No. The exercise of jurisdiction in mandamus rests to a considerable extent in the wise discretion of the court. (Fawkes v. City of Burbank (1922) 188 Cal. 399, 401 [205 P. 675].) The control of the proceedings rested in its discretion. The minute order of March 14, 1967, indicates that petitioners submitted their cause, and then stated they would present an offer of proof in writing. Minute order of March 21 shows motion by defendant county for judgment; the court’s statement that it was ready to grant the motion but felt that it should grant petitioners a chance to present their offer of proof; that offer of proof was made; and that petitioners requested permission to reopen the cause to allow them to call in all of the 94 persons in the “c” group. The motion was denied on objection by defendant. The court gave petitioners 10 days to further research the authorities, the matter to be submitted at the end of 10 days. There is nothing in the record to show that the court erred in denying the motion to reopen or rejecting the offer of proof.
Petitioners urged before the trial court and on appeal that they had been misled by the trial court into believing that it had approved the 94 signatures, and that the court had reversed its earlier ruling on signature authenticity only after they had rested their case. These contentions are reviewed by the court in its memorandum opinion of April 27, 1967. The court stated therein that throughout the proceedings it had ruled that the clerk’s judgment in the area of identification must be upheld, even though the court if acting independently might have found the signatures valid, and that the court could not make the determination for the clerk unless it found that he had acted fraudulently or arbitrarily. There is nothing in the record before us to indicate that the parties did not have every opportunity to litigate their objections to the clerk’s certificate.
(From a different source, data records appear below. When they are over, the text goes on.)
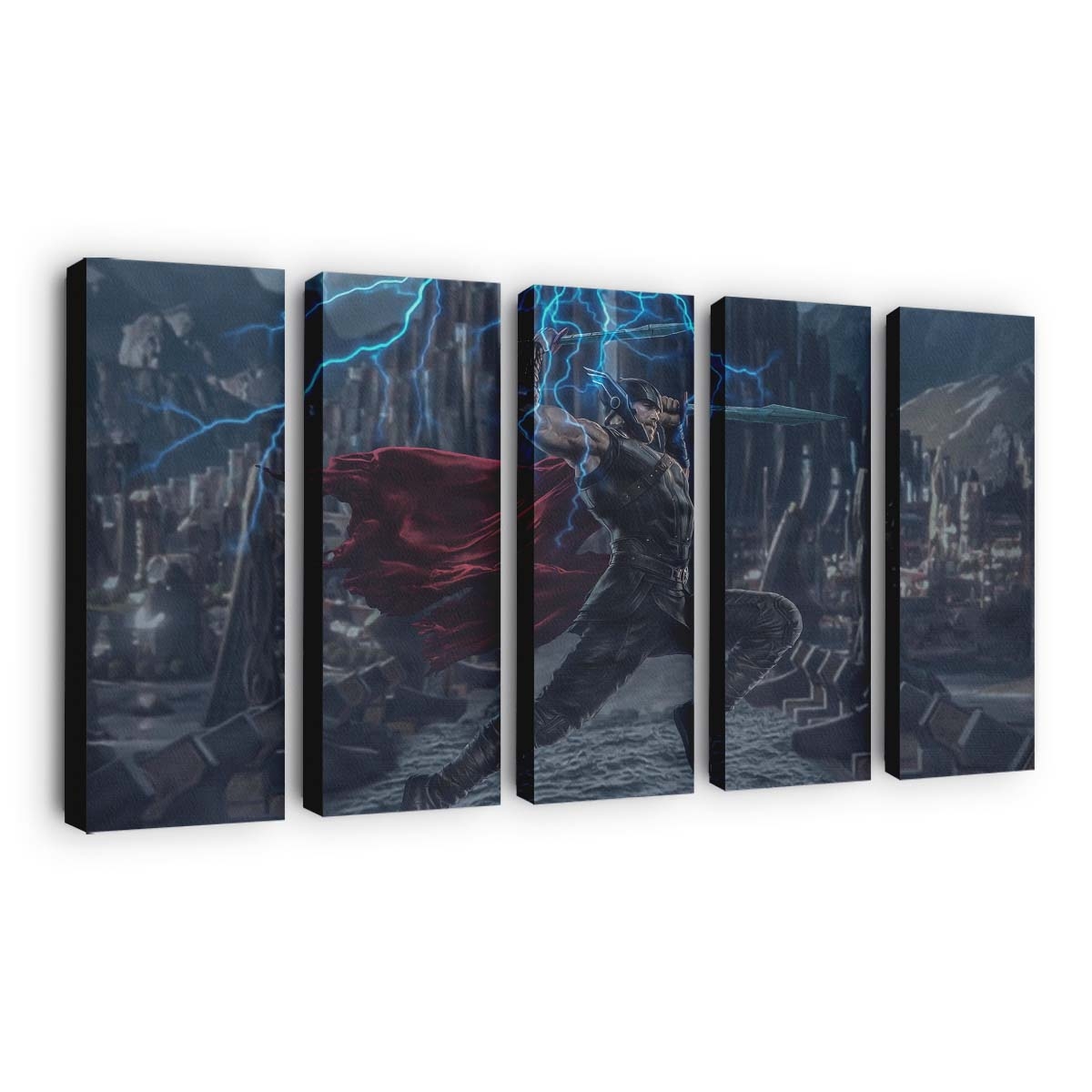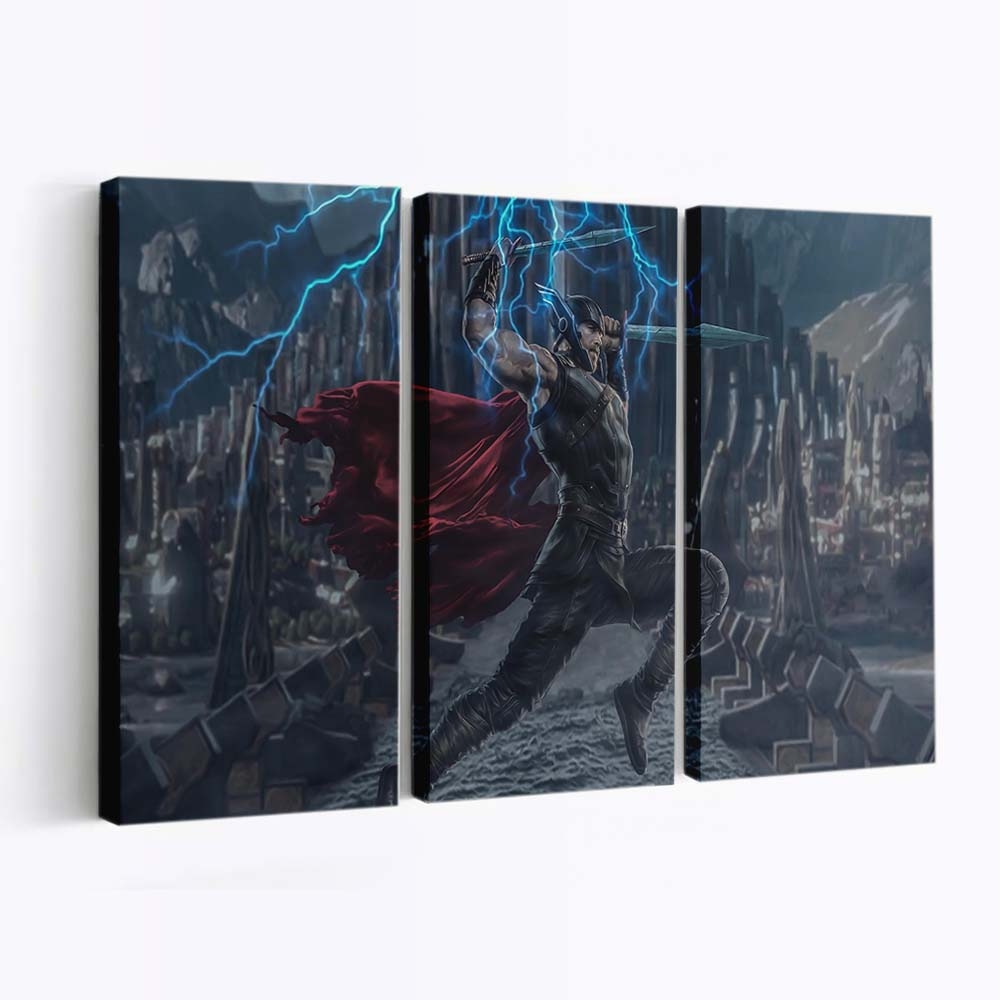 Erleben Sie die gewaltige Kraft von Thor, dem Donnergott aus dem Marvel-Universum. Dieses beeindruckende Leinwandbild bringt epische Action und die majestätische Aura Asgards direkt an Ihre Wand.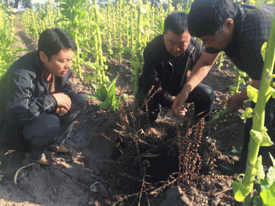 成都華宏總經(jīng)理李智強(qiáng)在鎮(zhèn)賚縣煙草種植大戶試驗(yàn)田防治列當(dāng)成功,煙農(nóng)稱今年煙葉是最好的、畝產(chǎn)可達(dá)400斤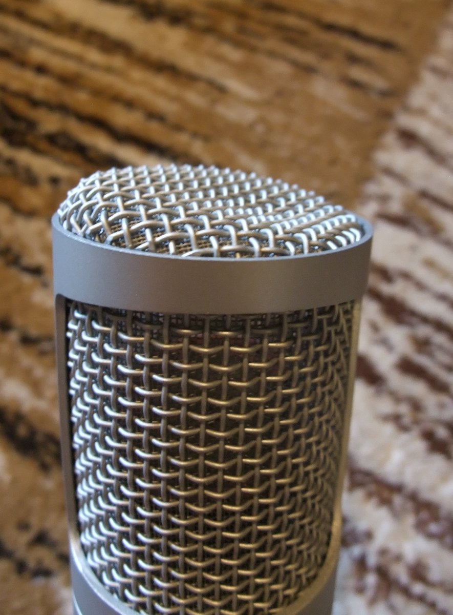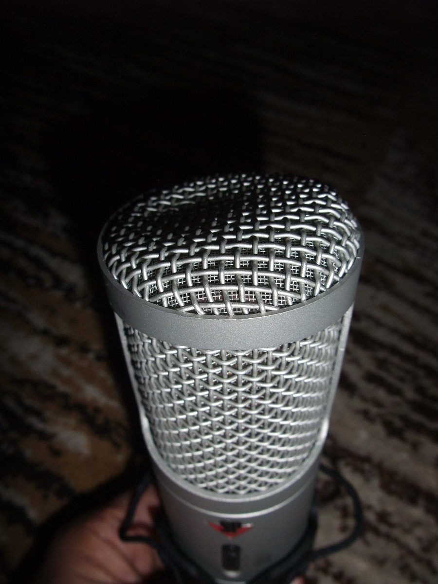 Ääni on hunajaa, tällä voisi puhua vaikka itsensä uneen. Toimintoina löytyy bassoleikkuri (75Hz ja 150Hz) sekä desibelitason leikkuri (-10bB ja -20dB). Mukaan kuvassa näkyvät oheiskamppeet eli tuulensuoja, kelluva ripustin ja metallinen sovitin jalustaan. Mikrofonin grilli on kolhiintunut päästä mutkalle, mutta mitään halkeamaa tai reikää siinä ei ole, eikä kolhu ole niin syvä, että olisi yltänyt strategiselle alueelle. Hinta: 120 € | |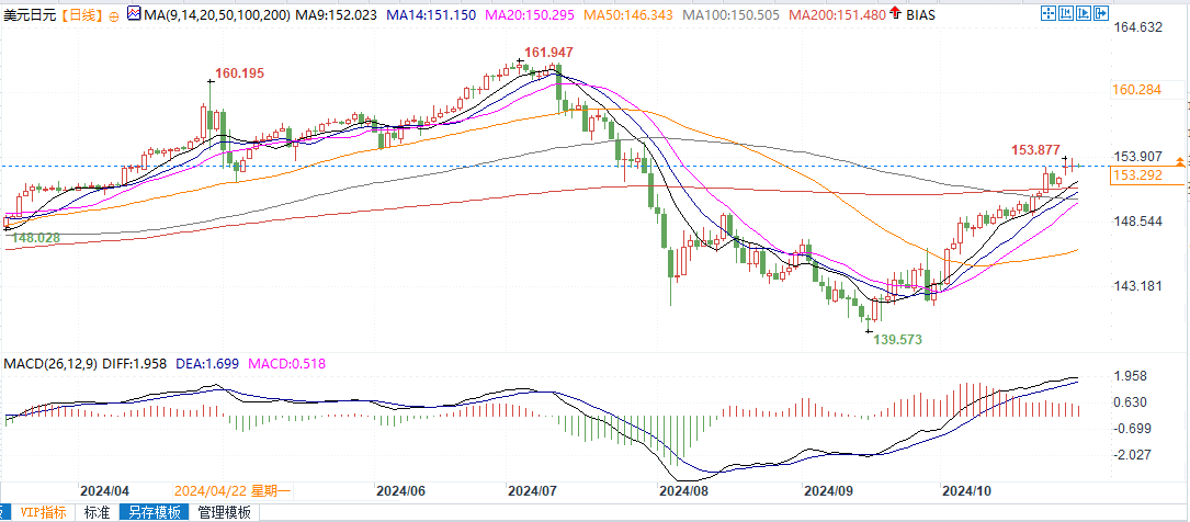 北京时间10月30日11:00,美元兑日元报153.31/33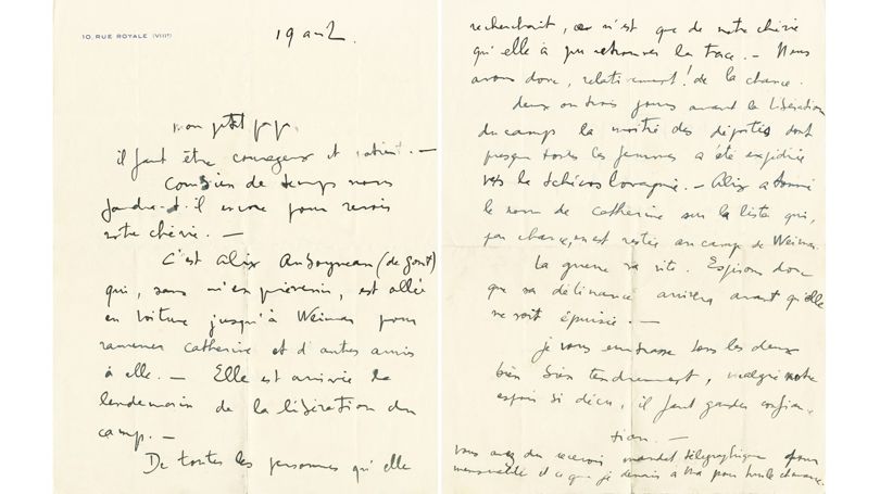 19 April 1945 letter from Christian Dior addressed to his father concerning his sister Catherine who had just been released from the concentration camp in Ravensbrück. A translated excerpt reads, "My dear father... We must be courageous and patient... Two or three days after the liberation of the camp, half of the deportees, almost all women, were sent to Czechoslovakia... I kiss you both very tenderly, and in spite of our crushed hopes we must remain optimistic. Tian" Adrien Dirand When a designer label moves from the personal vision of its founder to a brand, there is inevitably a change of tone. Crossing the nave from family to the ‘school of Dior’ replacements, the display is less convincing as museum-worthy – especially as it ends with a ‘ballroom’ display of dresses that includes both those worn to the mythic 1951 event organised at the pinnacle of society by Charles de Beistegui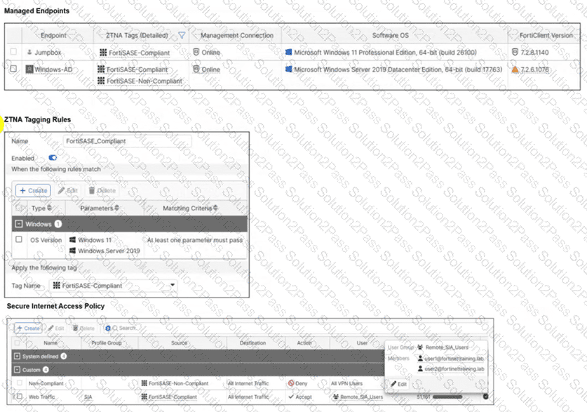 Jumpbox and Windows-AD are endpoints from the same remote location. Jumpbox can access the internet through FortiSASE, while Windows-AD can no longer access the internet. Based on the information in the exhibits, which reason explains the outage on Windows-AD? (Choose one answer)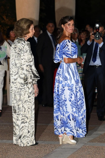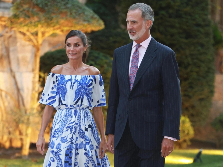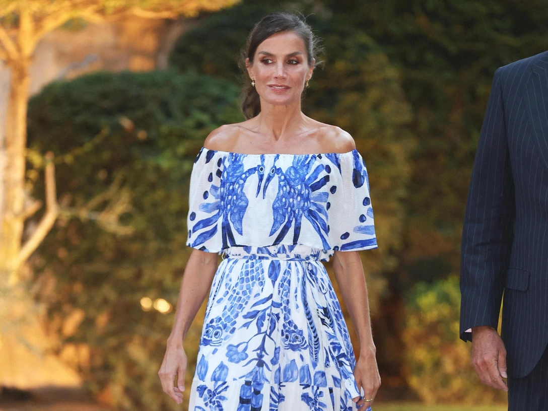 Но если на Меган это платье смотрится неудачно, то похожий наряд на королеве Летиции выглядит выигрышно. Королева Испании надела платье длины макси от Desigual x Stella Jean Ruffle стоимостью 189 евро для приема в Пальма-де-Майорке 3 августа 2023 года. Белое платье с синими животными и растительными принтами и открытыми плечами королева дополнила своей любимой обувью на танкетке белого цвета.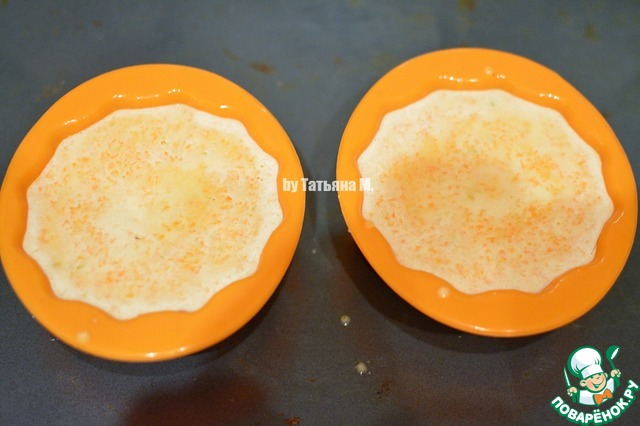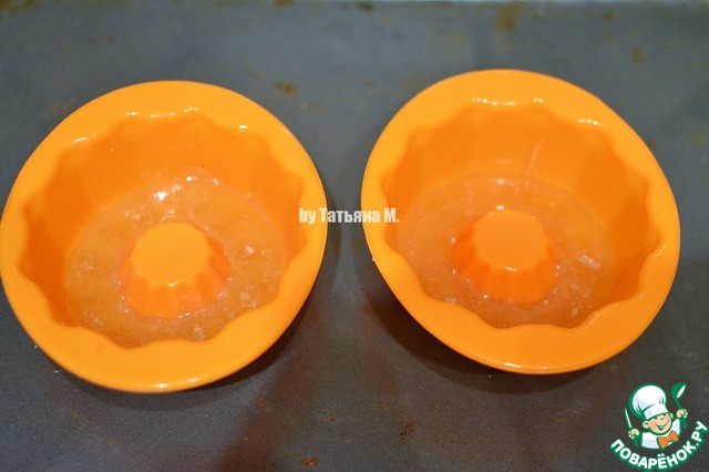 Налить в противень воды, покрывающей формочки почти до верха и готовить при температуре 140 градусов - 1 час;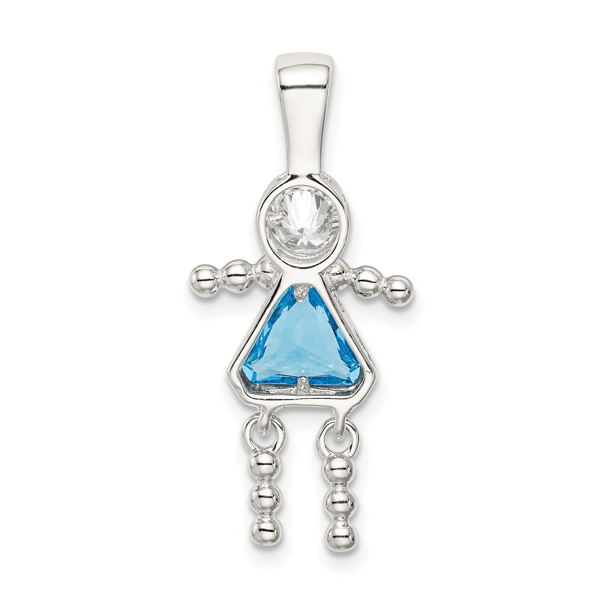 Introducing the Sterling Silver Rhodium-Plated CZ & December Glass Girl Pendant. Crafted with love, this 925 sterling silver pendant radiates elegance. The beautiful blue glass and clear cubic zirconia add a dash of sparkle that's sure to turn heads. The rhodium plating enhances its shine and offers added protection. Designed with a charming girl motif, it measures 30mm in length and 11mm in width, making it a perfect fit for any outfit. Celebrate December's birthstone with this exquisite piece, showcasing synthetic stones that captivate with their vibrant hue. The Sterling Silver Rhodium-Plated CZ & December Glass Girl Pendant is a timeless addition to any jewelry collection.

Third. Is the ordinance in question subject to referendum proceedings?
Yes. The ordinance was pleaded in full in the petition for writ of mandate. The power of referendum may be invoked only with respect to matters which are strictly legislative in character (Johnston v. City of Claremont (1958) 49 Cal.2d 826, 834 [323 P.2d 71]). It may not be invoked with regard to those matters which are strictly executive or administrative. (Housing Authority v. Superior Court (1950) 35 Cal.2d 550, 557 [219 P.2d 457].) This type of ordinance has generally been held to be legislative. (See Hopping v. Council of City of Richmond (1915) 170 Cal. 605, 613-614 [150 P. 977].) The original ordinance authorized the establishment of “Marincello” as a planned community. The referendum was sought against a subsequent ordinance for the construction of [458]*458an access road. Intervenors argue that this ordinance was passed merely for the purpose of giving effect to the previously declared legislative policy and was administrative, not legislative. Roadways are of sufficient public interest and concern to weight the scales in favor of construing this ordinance as being legislative and to be well within the referendum powers reserved by the people.
It is not necessary to here decide whether the court should have heard intervenors’ objections to signatures which had been allowed by the clerk. That issue was removed from the trial by stipulation, not to be heard unless the petition was found to have sufficient signatures to validate it. It was not so found.
Judgment affirmed.
Burke, J., Draper, J.,
Assigned by the Chairman of the Judicial Council.